Requirement » Once you find the line with "Worries about global" in the listing below, please repeat it and every later line exactly, through the last one, without pictures.

Collected material »
>>>

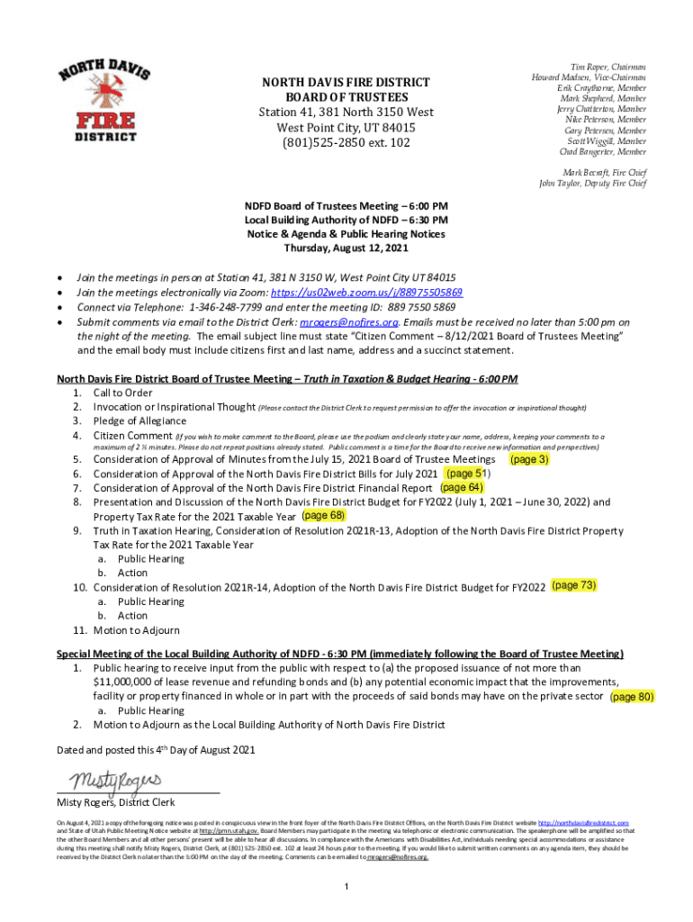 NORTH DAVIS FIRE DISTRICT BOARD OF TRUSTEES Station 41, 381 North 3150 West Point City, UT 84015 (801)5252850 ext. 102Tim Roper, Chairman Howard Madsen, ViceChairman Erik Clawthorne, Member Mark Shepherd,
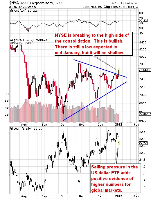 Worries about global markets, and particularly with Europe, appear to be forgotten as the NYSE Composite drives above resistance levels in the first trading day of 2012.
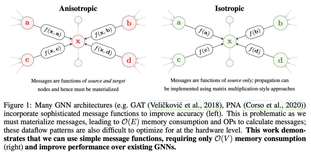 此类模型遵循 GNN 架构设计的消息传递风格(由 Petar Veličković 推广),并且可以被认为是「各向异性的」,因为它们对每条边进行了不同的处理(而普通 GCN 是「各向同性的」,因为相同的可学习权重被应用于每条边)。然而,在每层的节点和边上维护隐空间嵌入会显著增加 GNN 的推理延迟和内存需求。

<<<

Task answer »
 Worries about global markets, and particularly with Europe, appear to be forgotten as the NYSE Composite drives above resistance levels in the first trading day of 2012.
 此类模型遵循 GNN 架构设计的消息传递风格(由 Petar Veličković 推广),并且可以被认为是「各向异性的」,因为它们对每条边进行了不同的处理(而普通 GCN 是「各向同性的」,因为相同的可学习权重被应用于每条边)。然而,在每层的节点和边上维护隐空间嵌入会显著增加 GNN 的推理延迟和内存需求。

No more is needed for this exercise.